# [Your goal]
Look below for the line with "特製のにんにく醤油と混ぜた卵かけご飯も"; begin the copy there and stop after the line with "Ботинки комбинированные бежевого", keeping the text exact and the pictures out.

# [Input material]
═══

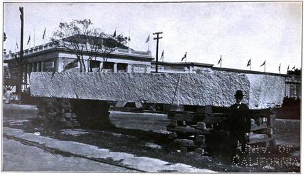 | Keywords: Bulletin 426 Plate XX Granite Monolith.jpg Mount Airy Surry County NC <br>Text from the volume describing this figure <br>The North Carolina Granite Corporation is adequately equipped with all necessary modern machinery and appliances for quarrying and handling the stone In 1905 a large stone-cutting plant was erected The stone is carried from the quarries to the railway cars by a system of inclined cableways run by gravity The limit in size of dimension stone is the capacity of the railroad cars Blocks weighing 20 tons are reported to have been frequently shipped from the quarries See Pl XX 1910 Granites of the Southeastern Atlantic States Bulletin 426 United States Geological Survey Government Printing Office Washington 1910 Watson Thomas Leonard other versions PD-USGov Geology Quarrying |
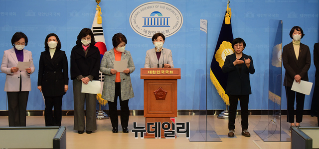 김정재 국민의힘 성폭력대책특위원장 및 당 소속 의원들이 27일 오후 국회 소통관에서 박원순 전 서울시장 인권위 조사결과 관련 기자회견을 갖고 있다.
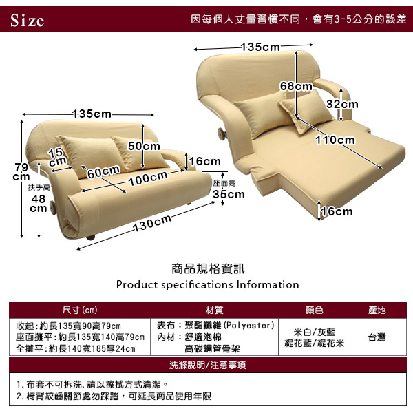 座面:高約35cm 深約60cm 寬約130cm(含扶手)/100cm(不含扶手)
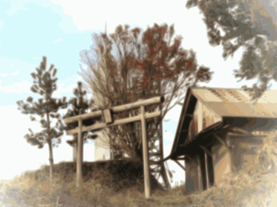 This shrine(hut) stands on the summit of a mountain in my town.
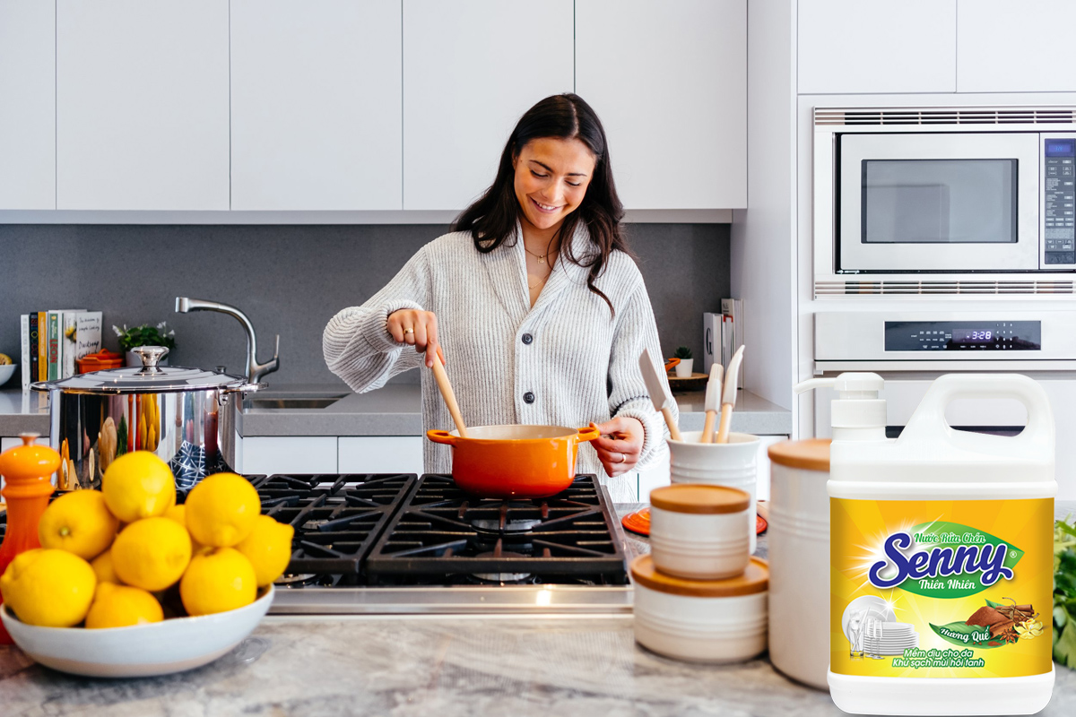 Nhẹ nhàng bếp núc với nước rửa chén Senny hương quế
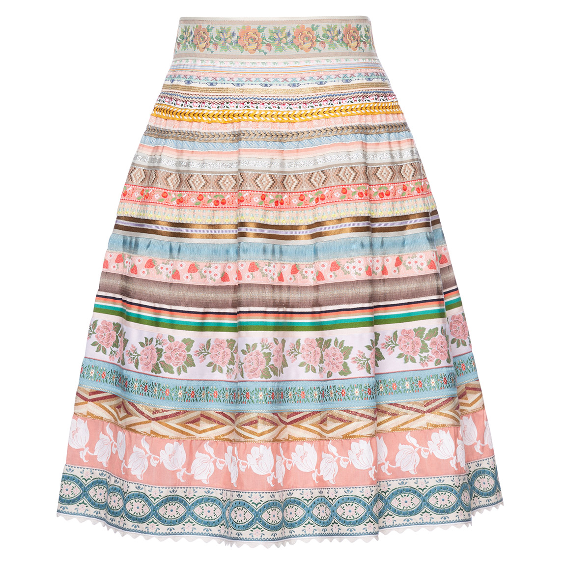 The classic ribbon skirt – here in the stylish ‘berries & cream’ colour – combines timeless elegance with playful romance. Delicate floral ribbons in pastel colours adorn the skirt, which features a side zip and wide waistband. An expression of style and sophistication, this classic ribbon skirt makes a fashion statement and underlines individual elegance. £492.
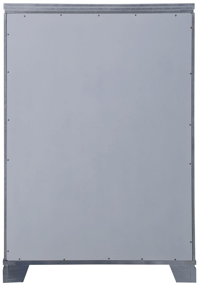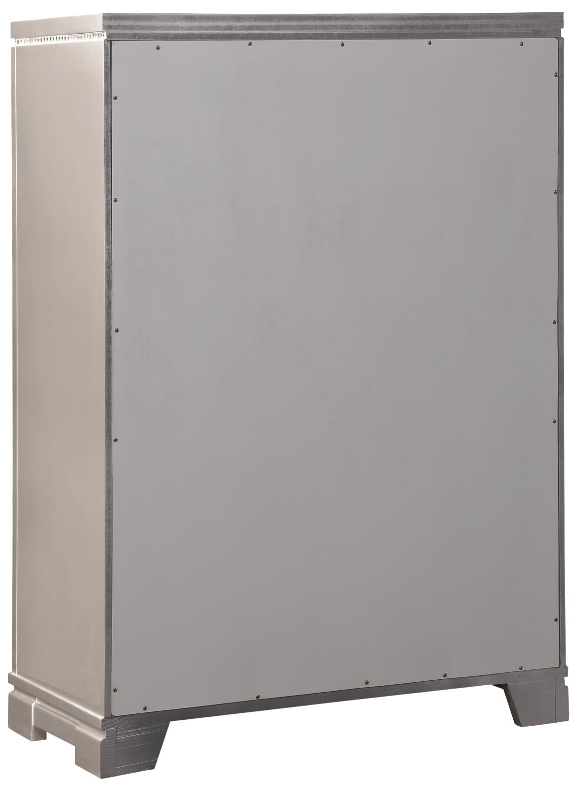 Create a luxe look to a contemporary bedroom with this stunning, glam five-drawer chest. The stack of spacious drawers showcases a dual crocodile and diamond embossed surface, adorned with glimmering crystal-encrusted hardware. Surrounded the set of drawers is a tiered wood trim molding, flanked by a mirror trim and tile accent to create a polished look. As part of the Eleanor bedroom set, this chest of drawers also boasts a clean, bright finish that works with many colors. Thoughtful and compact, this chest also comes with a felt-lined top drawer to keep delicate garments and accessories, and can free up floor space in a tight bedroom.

═══

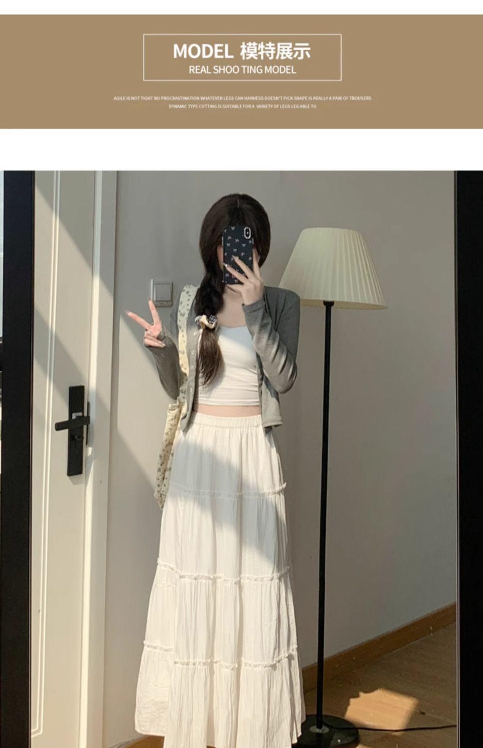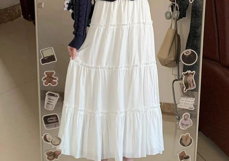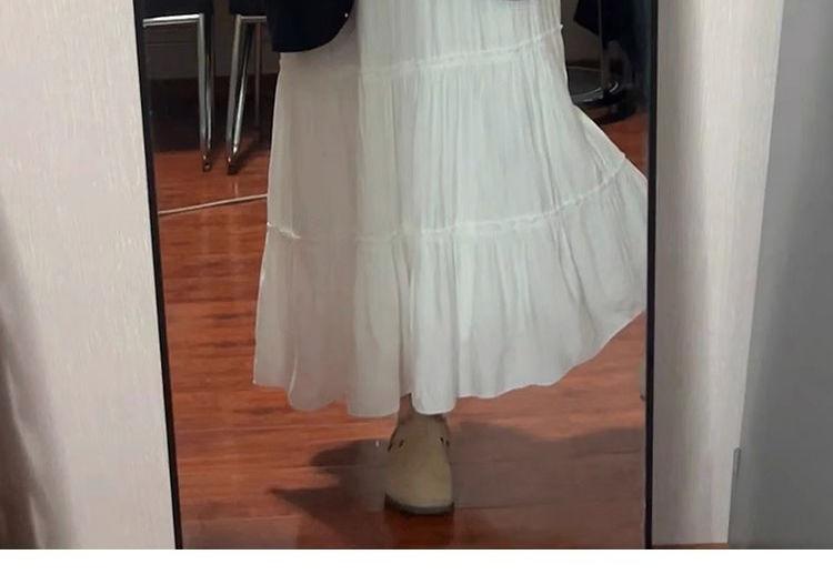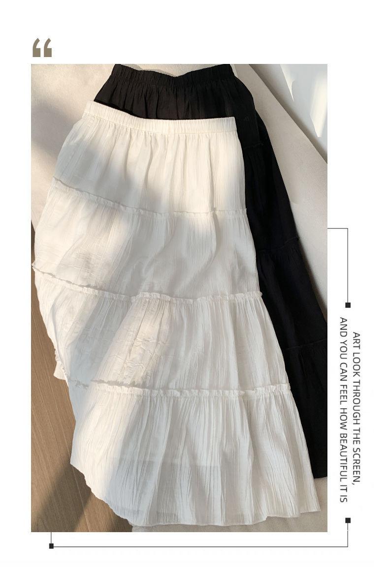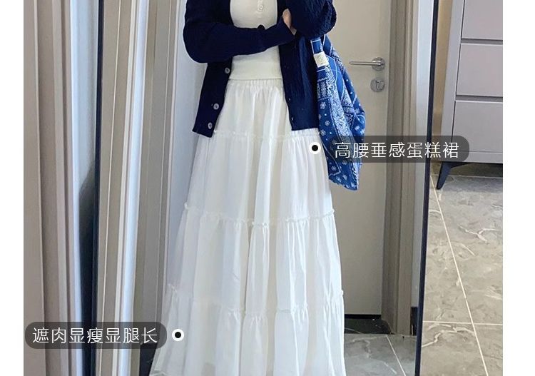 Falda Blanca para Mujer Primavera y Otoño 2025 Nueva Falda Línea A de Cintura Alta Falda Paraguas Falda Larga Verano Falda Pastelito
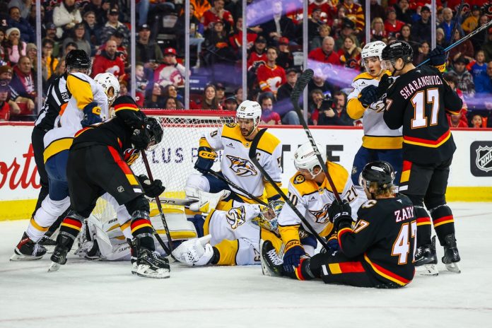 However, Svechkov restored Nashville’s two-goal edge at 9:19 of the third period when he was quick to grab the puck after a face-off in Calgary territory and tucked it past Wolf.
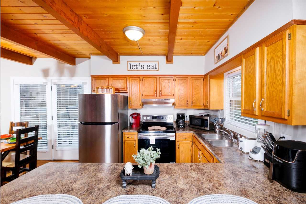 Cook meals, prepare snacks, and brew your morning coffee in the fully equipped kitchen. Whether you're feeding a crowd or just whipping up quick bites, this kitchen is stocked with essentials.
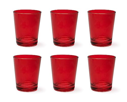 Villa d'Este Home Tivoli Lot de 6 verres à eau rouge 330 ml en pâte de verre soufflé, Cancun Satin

═══

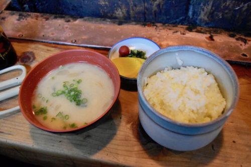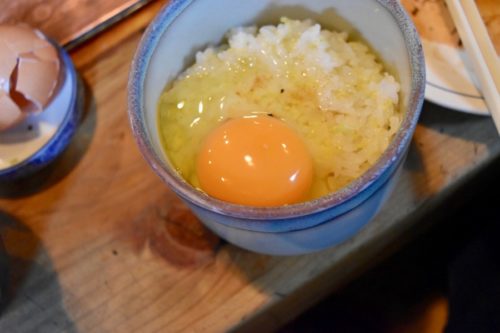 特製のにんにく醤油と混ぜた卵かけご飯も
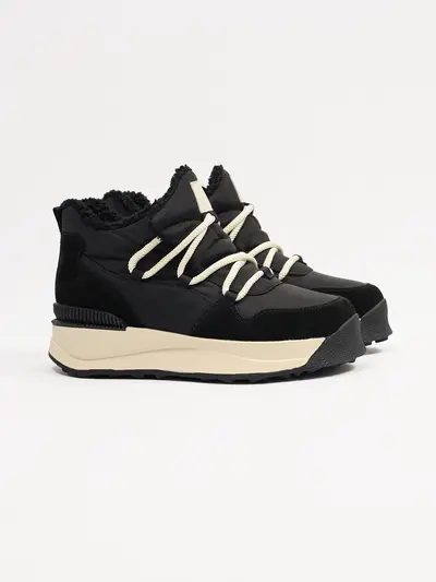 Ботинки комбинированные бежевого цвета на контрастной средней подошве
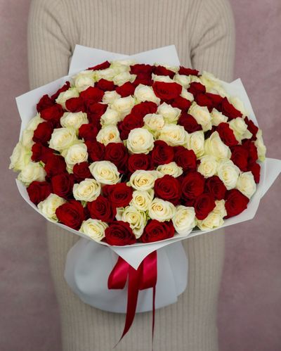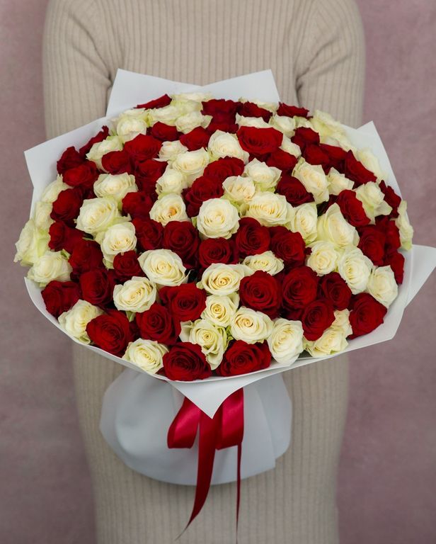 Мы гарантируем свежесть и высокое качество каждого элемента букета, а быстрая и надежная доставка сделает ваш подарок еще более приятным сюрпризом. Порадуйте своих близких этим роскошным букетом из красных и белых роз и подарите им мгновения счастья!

═══

# [Output below]
 特製のにんにく醤油と混ぜた卵かけご飯も
 Ботинки комбинированные бежевого цвета на контрастной средней подошве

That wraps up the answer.